Background and goals
Raman spectroscopy offers a promising approach for distinguishing between biological samples, as it's label-free, requires minimal sample preparation, and may detect subtle chemical-compositional differences 5–6. Commonly, it's used as an initial screening step to identify samples or conditions of potential interest in a fast, non-destructive way, as a complement to rather than a replacement for high-resolution analytical methods 7–9. More recently, an alternative analytical framework has emerged that treats Raman spectra as feature vectors and trains machine learning models to predict biological labels of interest (such as sample identity, cell identity, or cell state) directly from held-out spectra 1–2, 10–12, potentially expanding the range of applications. Our goal here was to explore the utility of such data-driven approaches by evaluating whether Raman spectra can be used to distinguish between different strains and species of yeast and to understand the extent to which batch effects from experimental variation confound these predictions.
The approach
Experimental design
We collected Raman spectra from nine yeast strains, including wild-type and mutant strains from both Saccharomyces cerevisiae and Schizosaccharomyces pombe (Table 1). We generated three "end-to-end" biological replicates by repeating the sample preparation and imaging protocols in triplicate, each with separate cell cultures, physical plates, and imaging dates.
Species and strains
We chose to work with several strains of budding and fission yeast (Saccharomyces cerevisiae and Schizosaccharomyces pombe, respectively). Our dataset included three standard lab strains (BY4741, SP286, and ED666) along with six knockout strains (see Table 1) that were of interest to us because they encode orthologs of human proteins involved in disease.

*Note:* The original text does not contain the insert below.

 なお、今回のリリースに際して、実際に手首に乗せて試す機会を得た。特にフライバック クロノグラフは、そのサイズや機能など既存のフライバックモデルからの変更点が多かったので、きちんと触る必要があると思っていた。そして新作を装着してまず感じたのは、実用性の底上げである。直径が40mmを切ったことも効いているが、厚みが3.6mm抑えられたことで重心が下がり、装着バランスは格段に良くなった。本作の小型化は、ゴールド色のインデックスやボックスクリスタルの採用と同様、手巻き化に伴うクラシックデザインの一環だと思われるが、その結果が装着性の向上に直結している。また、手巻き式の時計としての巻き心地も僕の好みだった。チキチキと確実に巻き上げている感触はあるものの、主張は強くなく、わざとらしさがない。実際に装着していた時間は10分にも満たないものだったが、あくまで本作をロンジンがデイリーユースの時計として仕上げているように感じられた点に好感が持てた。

| Species | Strain or gene ID | Genotype | Description | Source |
|---|---|---|---|---|
| S. cerevisiae | BY4741 | Standard haploid lab strain | ATCC | |
| S. cerevisiae | YGL058w | rad6Δ | Null mutant of rad6, an ortholog of human UBE2A (a ubiquitin-conjugating enzyme) | EUROSCARF |
| S. cerevisiae | YNL141w | aah1Δ | Null mutant of aah1, an ortholog of human ADA (an adenosine deaminase) | EUROSCARF |
| S. pombe | SP286 | Standard diploid lab strain | Bioneer | |
| S. pombe | ED666 | Standard haploid lab strain | Bioneer | |
| S. pombe | SPAC18B11.07c | rhp6Δ | Null mutant of rhp6, an ortholog of human UBE2A | Bioneer |
| S. pombe | SPBC1198.02 | dea2Δ/+ | Heterozygous null mutant of dea2 (an ortholog of human ADA) | Bioneer |
| S. pombe | SPBPB10D8.02c | asgΔ | Null mutant of asg (an ortholog of human ARSG, a lysosomal sulfatase) | Bioneer |
| S. pombe | SPBC530.12c | pdf1Δ/+ | Heterozygous null mutant of pdf1 (an ortholog of human PPT1, a lysosomal hydrolase) | Bioneer |
Table 1. List of species and strains used in this study.
The three standard lab strains are identified by their strain IDs, while the six mutant strains are identified by their gene IDs. The two heterozygous mutant strains are homozygous lethal. To find the strains from Bioneer, use the link provided and search the strain/gene ID in the “Search keyword” field.

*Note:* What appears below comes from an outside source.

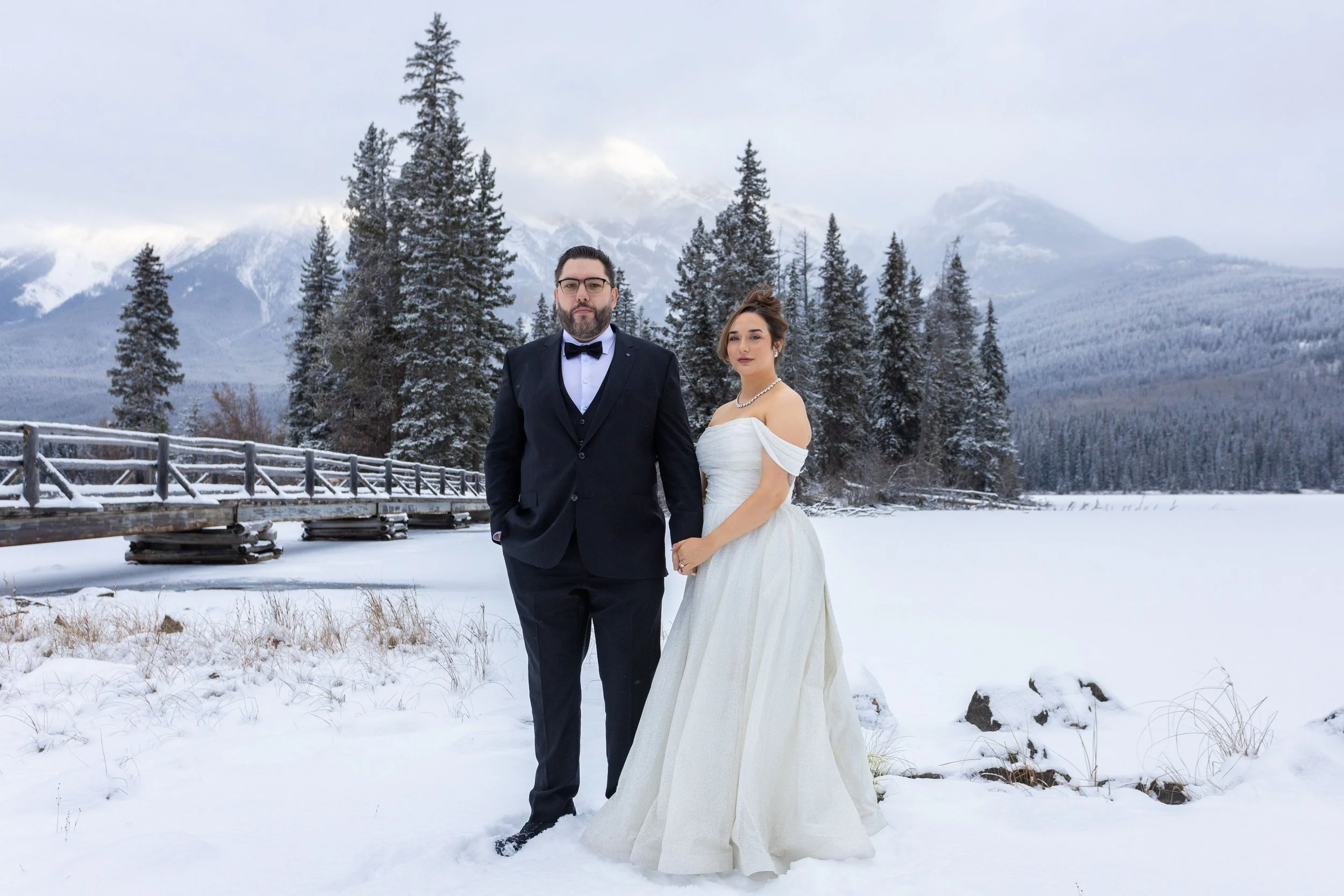 Fairmont Jasper Park Lodge: For couples who want comfort plus scenery, the lakeside grounds offer classic views, well-kept spaces, and easy logistics for guests. You can host a ceremony by the water, then slip away for portraits at golden hour. Great for larger weddings (although small weddings are lovely here too!), plus the venue offers planning assistance if needed. Winter wedding approved as well!

Sample preparation and Raman spectroscopy
We inoculated each strain in 5 mL of rich media in a 15 mL culture tube. We grew S. cerevisiae strains in YPD media and grew the S. pombe strains in YES media. We grew cultures overnight in a shaking incubator (Infors HT) set to 30 °C, shaking at 200 rpm. We measured the OD600 for each strain using a spectrophotometer (Thermo Fisher Scientific, NanoDrop One/OneC). We diluted all strains to an OD600 of five in a final volume of 1 mL. We pelleted cells in 1.5 mL microcentrifuge tubes using a tabletop centrifuge (Thermo Scientific, Sorvall Legend Micro 21) at 3,000 × g for 3 min. We removed the supernatant and washed cells by resuspending in 1 mL of 0.9% saline solution. We pelleted cells again under the same conditions and removed the supernatant. We then washed cells by resuspending in 1 mL of deionized water, pelleting, and removing the supernatant. We spotted wet cell pellets onto stainless steel plates (stamped with a 96-well plate layout) and allowed them to desiccate at room temperature and pressure for approximately 3 h.

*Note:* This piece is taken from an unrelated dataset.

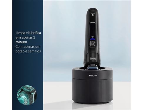 O potente sistema de limpeza limpa e lubrifica cuidadosamente a sua máquina de barbear em apenas 1 minuto, mantendo o seu melhor desempenho durante mais tempo. É o sistema de limpeza mais pequeno do mundo, para que possa guardá-lo facilmente e utilizá-lo em qualquer lugar.

We acquired spontaneous Raman spectra of the desiccated samples using a probe-based Raman spectrometer with a 785 nm excitation (model WP-785X-F13-R-IL, Wasatch Photonics). We integrated the spectrometer with a motorized XY stage and controlled the hardware using Pycro-Manager 13 and custom Python scripts to enable fully automated acquisitions. We acquired spectra at a 5 × 5 grid of positions in each “well” on each of the three replicate plates, resulting in a total of 75 spectra for each strain. We acquired spectra with a laser power of 93 mW (measured at the sample plane), an integration time of five seconds, and 10 averages per position.
Data processing
The raw Raman spectra were processed using a standard pipeline based on the ramanspy Python package 14.
- Cosmic ray removal. We applied the Whitaker–Hayes despiking algorithm with default parameters to remove cosmic ray artifacts.
- Background subtraction. For each plate (i.e., for each experimental replicate), we acquired a dark spectrum from an empty region of the stainless steel plate. We computed a "consensus" background spectrum by averaging the dark spectra from all three plates, then subtracted this same consensus background spectrum from all sample spectra in the dataset. The use of a single background spectrum (rather than one per plate) is necessary to avoid injecting additional batch effects into the spectra from small per-plate differences in the background spectra.
- Quality control to remove low-intensity spectra. The unnormalized intensity of some spectra was too low to yield detectable Raman peaks. These spectra likely corresponded to regions of the well without sufficient desiccated material. We identified and removed these spectra by applying an empirically determined threshold of 1,000 intensity units to the mean intensity of the background-subtracted but otherwise unprocessed spectra.
- Smoothing and baseline correction. After background subtraction, we applied a Savitzky-Golay filter to smooth the spectra, then subtracted the autofluorescence background using the ModPoly algorithm with a polynomial order of five.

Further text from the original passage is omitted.